Justice, we can see, has a positive side too. And that is, that each individual, who treats others well, deserves to be treated equally well in return. Putting the positive side together with the negative, we arrive at what seems a decent common-sense definition of justice: Justice is that condition in which each individual is treated, over the long run, as he or she treats others. And, looking back, we can see that Ulpian, all those centuries ago, was not so far from the mark.

If a society existed based on justice – on common-sense justice – then everyone in it would have a positive incentive to behave well towards others. For the way to get more of what you want, the way to get treated better by others, is to treat others better! Imagine what a peaceful, prosperous, happy society that would be.

But that is not the kind of society in which we are living today. I will not repeat here the litany of ever-increasing abuses, which politicians and their cronies are carrying out against us innocent human beings. But it is plain to almost everyone that justice – individual, objective justice – is not being done. Those who treat others well, far from being cherished, are being suffocated and stamped upon.

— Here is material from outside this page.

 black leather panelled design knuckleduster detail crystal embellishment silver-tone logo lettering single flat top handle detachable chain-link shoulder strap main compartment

When individuals feel that they are not being treated justly, they begin to lose their natural benevolence. When injustice continues over a period, there is a kind of snowball effect. People withdraw their goodwill, and start to become touchy or even aggressive. If you wonder why there is so much violent crime and so much strife in the world today, consider lack of justice as a prime candidate to be one of the reasons.

Here is something, with which we lovers of freedom can win good people over. We can promote justice. Not “social justice”. Not “environmental justice”. Not “global economic justice”. Not “public justice”. But justice. Common-sense justice. Individual justice. That condition in which each individual is treated, over the long run, as he or she treats others.

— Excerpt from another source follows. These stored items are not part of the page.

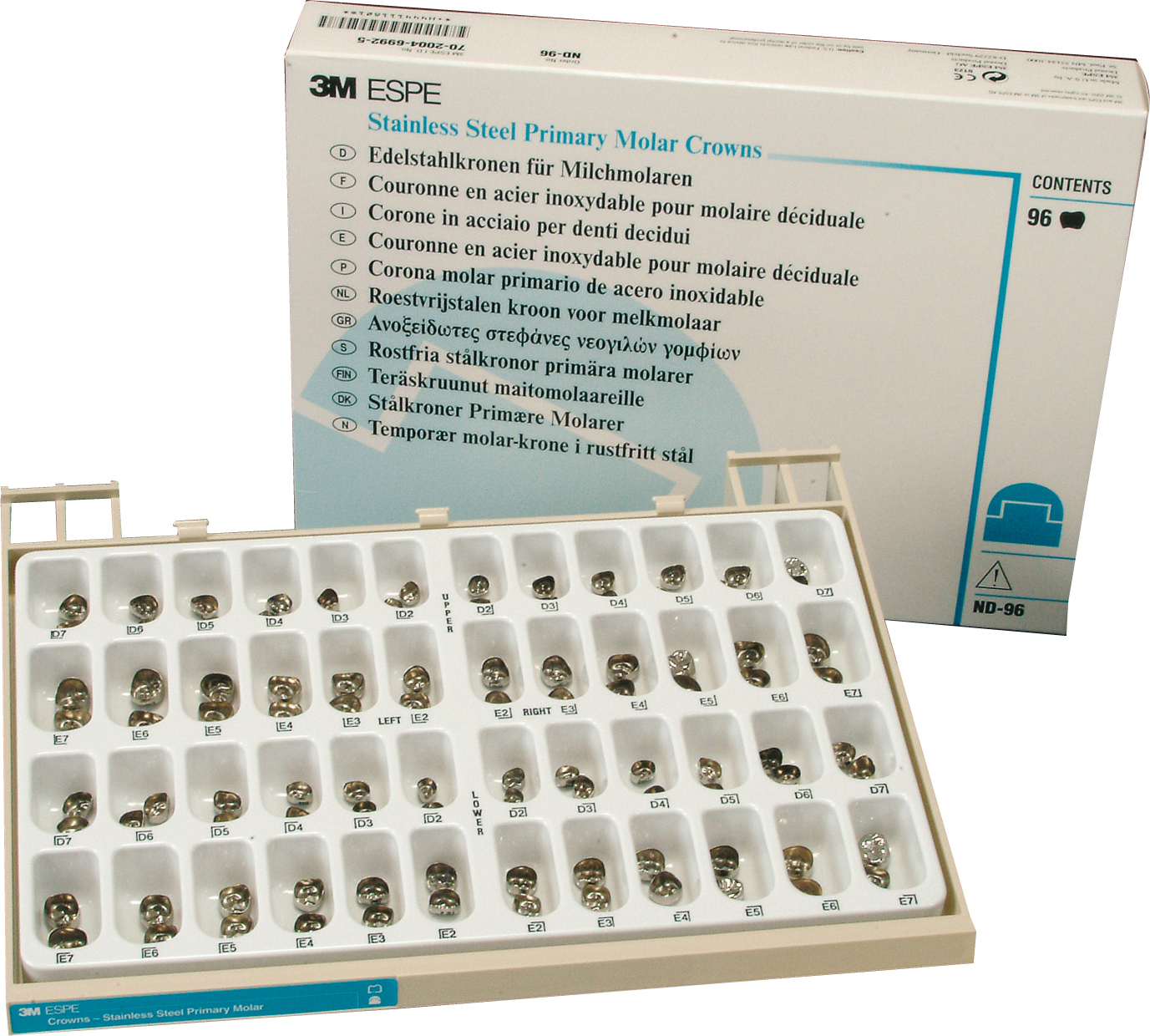 • Estojo com coroas molares primárias em aço inoxidável da 3M ESPE
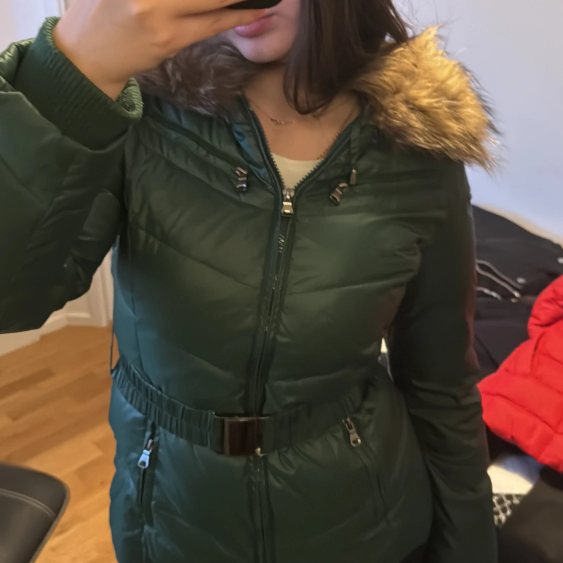 En snygg, lyxig och unik grön jacka med äkta päls på huvan. Jackan har dragkedja och ett bälte (avtagbar) i midjan för en figurnära passform. Perfekt för kyliga dagar.
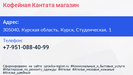 Кофейная Кантата, магазин по адресу 305040, Курская область, Курск, Студенческая, 1 в дальнейшем Организация, размещена в следующих категориях: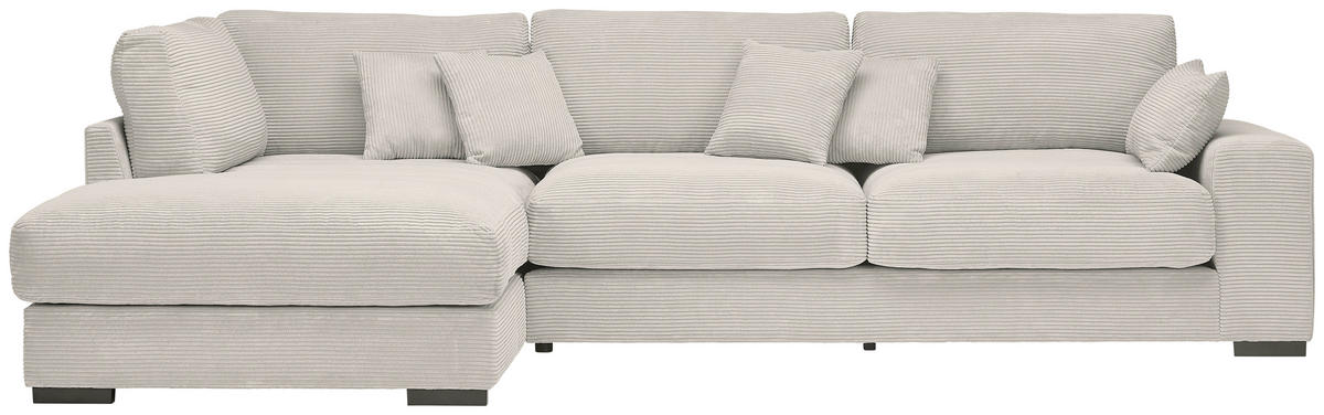 Ecksofa mit Cord-Bezug in Hellgrau: bequem die Seele baumeln lassen
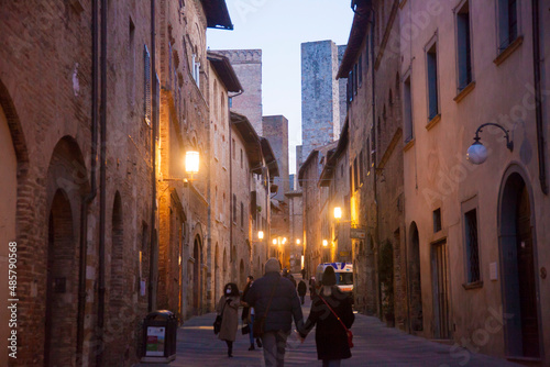 Italia, Toscana, Siena, il paese di San Gimignano con luci della sera.

Let us look forward to the next and due step in the development of human society. Let us look forward to the world-wide rule of common-sense justice. Let us look forward to a time – soon – when everyone will have the justice they deserve. When we lovers of freedom will have all the freedom, all the peace, all the prosperity, all the happiness, which we have earned and will continue to earn. And when our rivals, the lovers of tyranny, will have got their come-uppance. It will serve the bastards right.